Persoalan lain yang perlu dicermati dalam pengelolaan anggaran di tahun depan ialah ialah persoalan konsistensi kebijakan anggaran. Pemerintah dalam beberapa waktu lalu mendorong wacana money follows program. Mengganti kebiasaan programs follows money maupun money follows functions. Perubahan paradigma ini sebetulnya wajib didukung. Akan tetapi, dalam merealisasikan paradigma tersebut, Kepala Bappenas justru ditunjuk menjadi Chief Investment Officer, untuk mencari pendanaan dari luar. Sedangkan Menteri Keuangan ditunjuk sebagai Chief Finance Officer, untuk mengatur pembiayaan investasi pada proyek-proyek yang selama ini menggunakan APBN.

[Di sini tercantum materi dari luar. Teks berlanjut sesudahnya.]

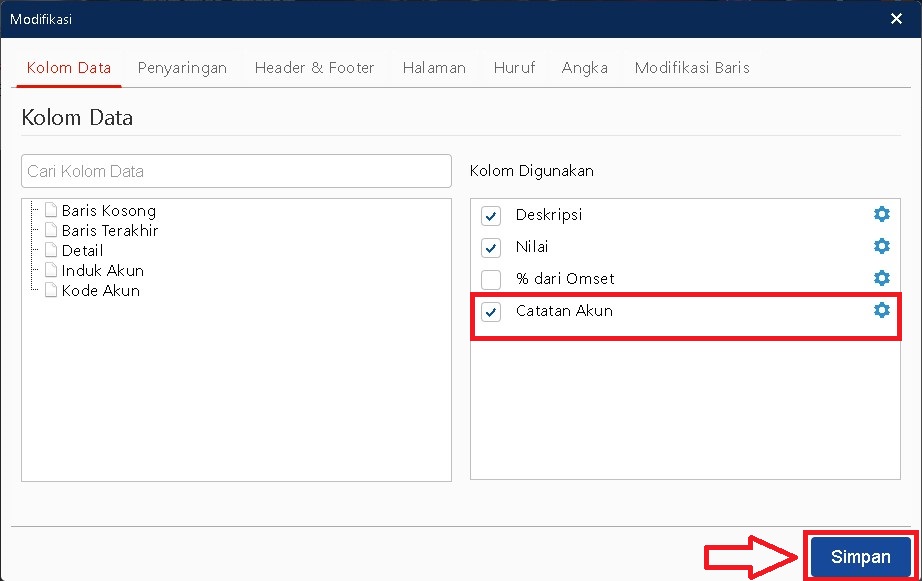 - Pada bagian Kolom Data, cari variabel Catatan Akun, lalu klik dua kali hingga variabel tersebut berpindah ke kolom Digunakan.

Kalau ditelisik, wacana itu justru memperkuat kebiasaan programs follows money. Bappenas yang merancang dan mengetahui lebih detail program prioritas pemerintah, justru dipaksa mencari sumber pembiayaan dari luar APBN. Padahal seharusnya, bila teguh pada prinsip programs follows money, Bappenas lah yang diberi kewenangan sebagai Chief Finance Officer, untuk mengatur pembiayaan proyek-proyek prioritas dari APBN.

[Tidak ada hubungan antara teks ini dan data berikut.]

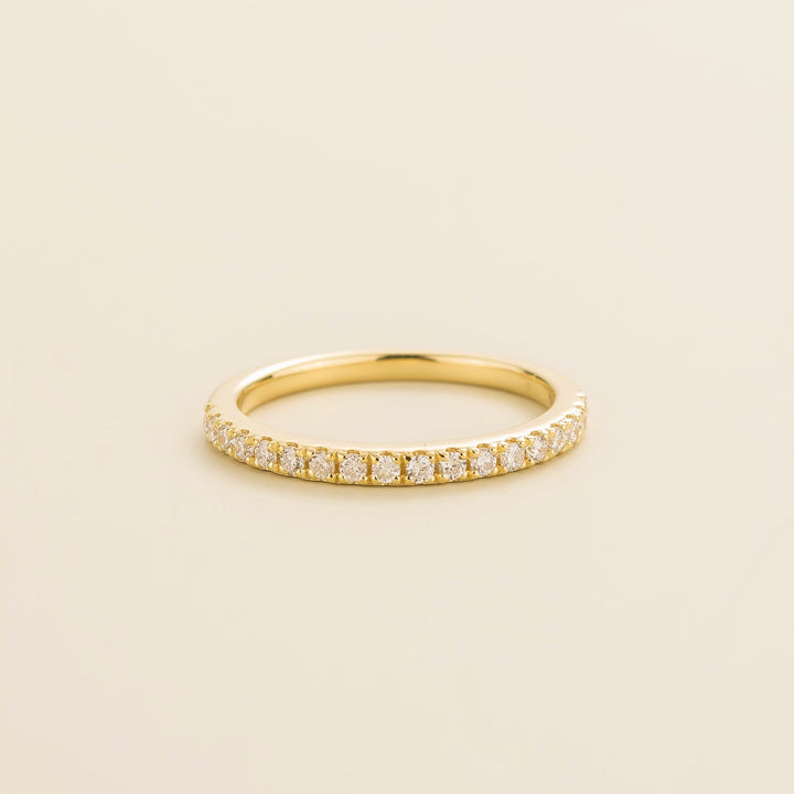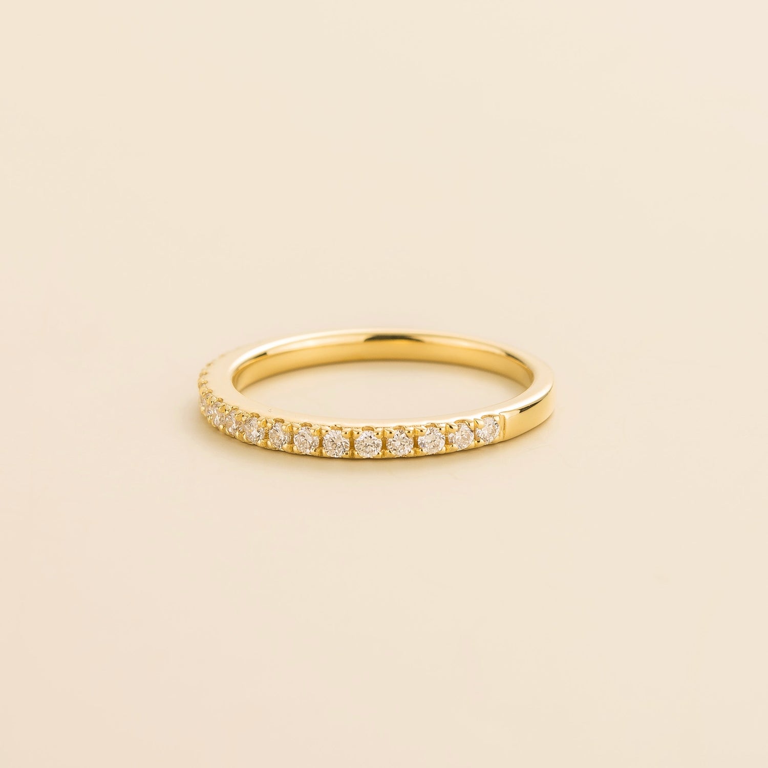 This ring is crafted from 18K gold vermeil and set with 18 round diamonds, totaling approximately 0.27 carats. The band measures 1.9mm in width and 1.5mm in thickness.

Pada sisi lain, Kementerian Keuangan sebagai Bendahara Negara tidak memiliki landasan dan platform yang cukup untuk melihat mana program yang menjadi prioritas Pemerintah. Apakah itu melalui trilateral meeting antara K/L dengan Bappenas, persetujuan dengan Bappenas saja, atau berdasarkan peraturan Menteri Keuangan yang telah tersedia. Selama ini, Kementerian Keuangan menjadi institusi yang kuat karena ia memegang uang negara. Sedangkan paradigma programs follows money tak pernah terjadi sejak jaman reformasi, karena Bappenas tidak memiliki posisi tawar yang cukup: hanya memegang rencana pembangunan tapi tidak memiliki kewenangan mendesain anggaran.

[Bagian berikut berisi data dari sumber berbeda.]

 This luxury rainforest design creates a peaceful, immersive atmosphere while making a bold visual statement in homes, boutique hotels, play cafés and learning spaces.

Pelajaran terakhir yang tidak kalah penting ialah persoalan penyerapan anggaran di daerah. Persoalan ini memang problematik. Sejak tahun 2014, UU Pemerintah Daerah No. 23/2014 diterbitkan menggantikan UU Pemerintahan Daerah No. 23/2004. Pada UU Pemerintahan Daerah yang baru, urusan Pemerintah Daerah menjadi lebih terbatas. Terdapat beberapa urusan yang tidak harus dikerjakan oleh Pemerintah Daerah. Ambil contoh persoalan rumah tidak layak huni, persampahan, dsb.

Tetapi sejak tahun 2014 juga, atau tepatnya sejak kepemimpinan Presiden Joko Widodo, postur anggaran untuk daerah juga lebih besar. Dari sinilah timbul masalahnya. Antara payung hukum yang tersedia dan kebijakan anggaran yang dilakukan. Wewenang Pemda banyak dipotong melalui UU Pemerintah Daerah baru, tetapi anggarannya ditingkatkan. Sehingga, dengan mempertimbangkan persoalan lain di daerah, seperti misalnya kapasitas Pemda, banyaknya dana menganggur di daerah bukan menjadi persoalan yang aneh.


Titik-titik inilah yang penulis pikir perlu menjadi perhatian dalam pengelolaan anggaran di tahun depan. Jangan sampai kita mau maju selangkah, tapi ternyata harus juga melakukan dua langkah mundur. Kita tentu berharap ada dua/tiga langkah maju, meskipun harus selangkah mundur menarik hikmah yang ada pada tahun ini dan tahun-tahun sebelumnya.